Por el contrario, en el lado opuesto de la balanza, se puede dar la situación en la que  los valores de la compañía no coincidan con los nuestros. En ese caso debemos plantearnos cómo nos influye en nuestra persona; si nos sentimos cómodos trabajando para la misión de la corporación y si sentimos orgullo de pertenencia al proyecto empresarial. Dado que las emociones negativas duran 112 minutos -frente a los 42 de las positivas-, el vivir con pesimismo tu empleo puede tener consecuencias negativas personales, tanto a nivel de autoestima como hasta incluso de salud (hay períodos de insatisfacción prolongada que pueden llevar a una situación de depresión).
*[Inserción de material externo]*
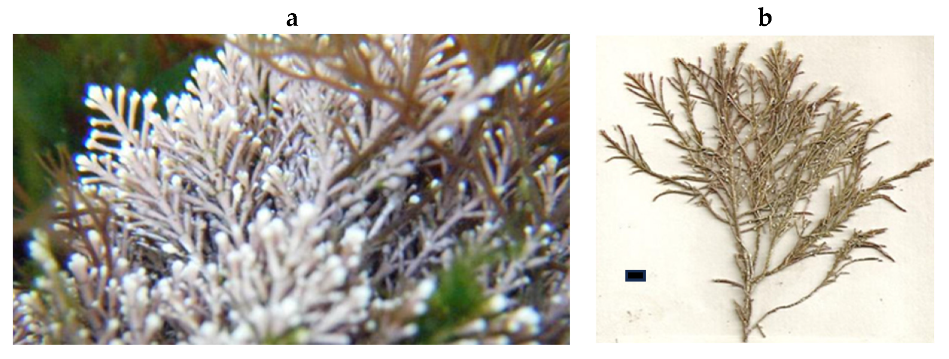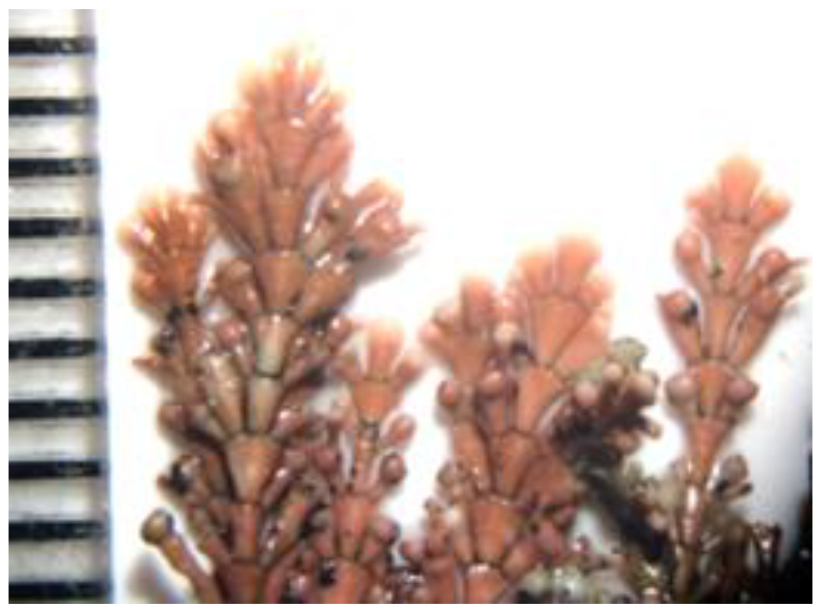 Description: Fronds are whitish-pink to reddish-lilac, calcified, with small articulations arranged in a fish-bone-like pattern. They reach up to 5 cm in height. The axis is compressed and repeatedly pinnate, arising from a discoid base. Reproductive structures (conceptacles) appear as swollen bodies in the terminal segments, accompanied by horn-like projections and a central pore (refer to detail in

Profesionales de la industria tabaquera, munición, pesticidas y agentes hipotecarios encabezan la lista, según PayScale, de las profesiones nocivas para el bienestar del planeta.  Aunque gozan de salarios superiores a la media de EEUU, el 80% de quienes consideran que su empleo es destructivo para otras personas o para el medio ambiente, quieren cambiar de empleo. Este hecho demuestra que, más allá del dinero, los valores de las empresas para las que trabajamos tienen mucho peso en nuestro estado de ánimo y en la felicidad del planeta.